For Taguchi optimisation, S/N ratio is calculated for both responses and the optimal process parameter are identified. The optimal injection moulding conditions for the maximum compressive strength were 260 °C barrel temperature, 11 MPa holding pressure, and 80 mm/s injection pressure. The optimal injection moulding conditions for the minimum part weight were 260 °C barrel temperature, 22 MPa holding pressure, and 80 mm/s injection pressure. The calculated signal to noise ratio of both compressive strength and part weight is converted into the dimensionless function using the desirability method. The best set of process parameter that is optimised using desirability functions is 241 °C of barrel temperature 72 mm/s injection speed and 11 MPa of holding pressure which optimise the part quality to 5242 kg of compressive strength and 11.6 kg of part weight. The percentage error of optimised process parameter for compressive strength is 4.6% and for part weight is 0.2%. The response variable of the optimised process parameter had very close values with the experimental results, thus the optimisation approach used in this study is effective and practical.

Moreover, a quantitative relationship between the process parameter and the selected quality response is established using regression analysis. The constructed regression model can be validated using the R-square. The relationship between process parameters and the ensuing product quality is expressed in a mathematical equation using regression equation with an R-square of 84% for compressive strength and R-square of 82% for part weight. This means that all the factors of process explain 84% of the differences in the compressive strength and explain 82% of the differences on the part weight. The percentage error of the prediction model for compressive strength is 10% and for part weight is 0.3%. For reliable statistical analyses, error values must be smaller than 20%. Since comparisons were done according to average experimental values and the errors are within the acceptable range. Thus, the prediction model used in this study is effective and practical.

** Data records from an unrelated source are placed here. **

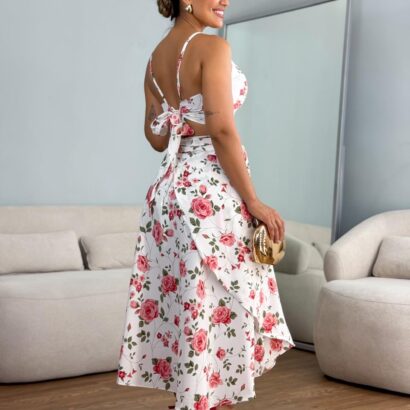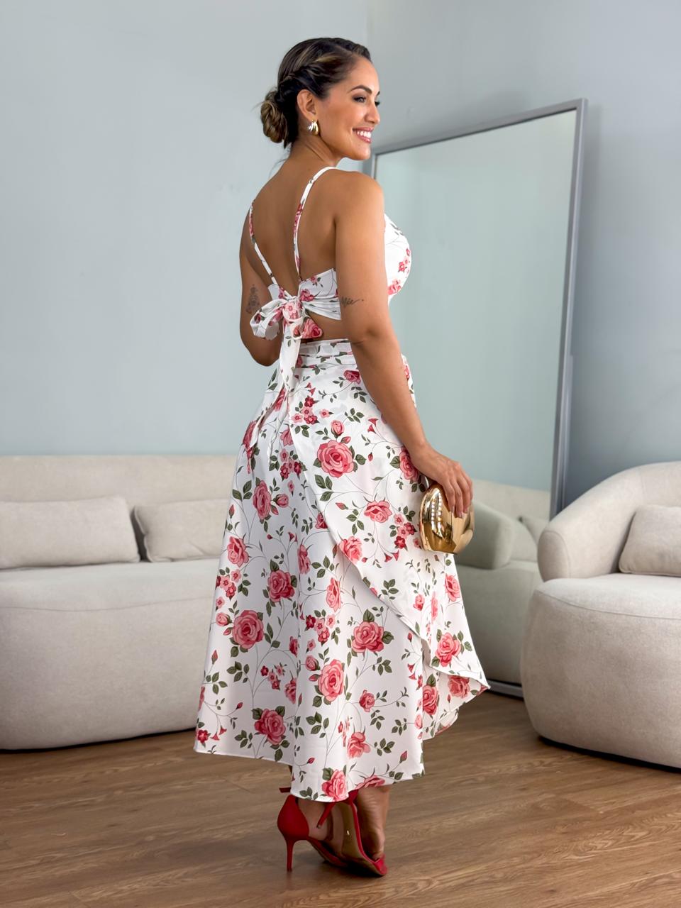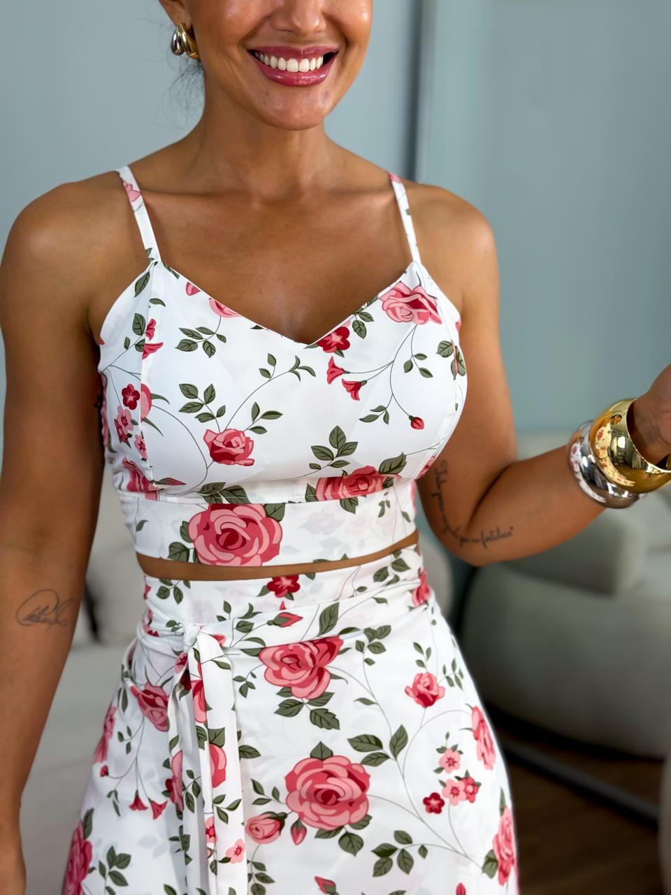 Conjunto saia pareô + cropped frente única crepe seda
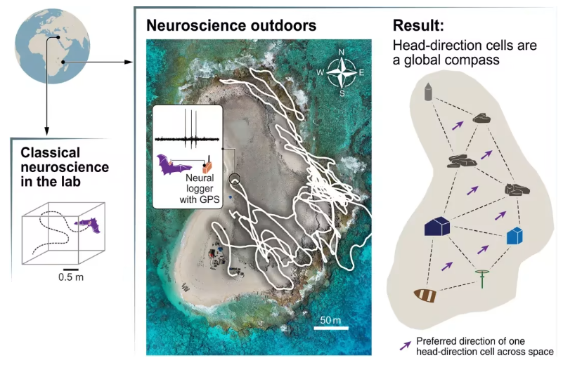 动物和人类生活在广阔而丰富的环境中,需要导航来找到自己的路。生态学家和动物行为学家对户外导航行为进行了广泛的研究。相比之下,导航的神经机制几乎只在室内、小型实验室环境中进行研究,这些实验室比现实世界的室外环境小得多,包含的感官信息也少得多。这给我们对导航的神经基础的理解留下了一个重大空白:大脑的“导航回路”在现实环境中是如何运作的?该研究关注的是头部定向细胞——一种根据动物的方向改变其活动的神经元,通常被称为“神经罗盘”。这些神经元在小环境中有很好的特征,但以前没有在户外的自然环境中进行过研究。
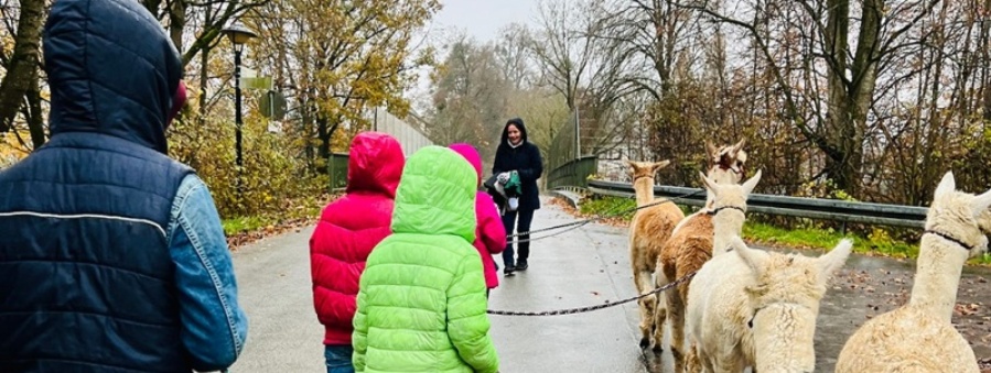 Auch der Regen nahm den Kindern die Begeisterung an der kleinen Alpakawanderung nicht.
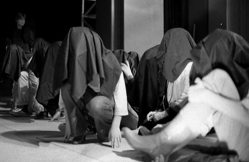 scène XII, na de jodeninspectie. Vlnr Sander, Jeroen Grünwald, Pieter de Bruijn Kops (zittend), Michel Kerkmeester, Wim(met doek), Mark
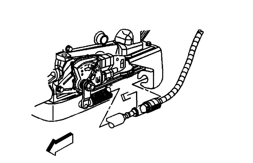 7. Depress the tangs and remove the cable from the steering column bracket.
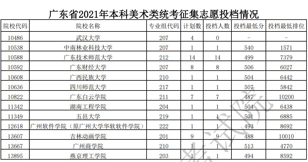 注:点击图片可查看大图,也可点击pdf文件进行查看(广东省2021年本科美术类统考征集志愿投档情况.pdf)
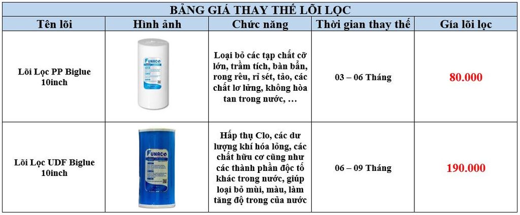 - Thời gian thay thế: 06 – 09 tháng/ lần (Tùy vào lượng nước sử dụng và chất lượng nước đầu vào)

By optimisation, the product weight is reduced about 0.2 kg with optimum compressive strength. The pallet production for 1 day is about 1200 pieces, with 0.2 kg of material saving for each pallet, we can save around 240 kg of polypropylene per day and 7200 kg of material per month. The price range of 1 kg of recycled polypropylene in Malaysia is around Rm 2.70?Rm 2.90. Taking the minimum price, we can save around Rm 20,880 per month and RM 250,560 annually, ensuring better product quality.

Future developments of this work may be the extension of the DoE plan to other uninvestigated parameters, like packing time or injection pressure, and the mechanical characterization of the polymer through Charpy and Hopkinson bar tests. Moreover, in-cavity sensors information or barrel heater can be investigated. The relationship between the melt properties inside the barrel before the injection and the product quality can be studied. An online process parameter monitoring and adjustment can be achieved using the quantitative relationship between the Melt flow in the barrel and the product quality.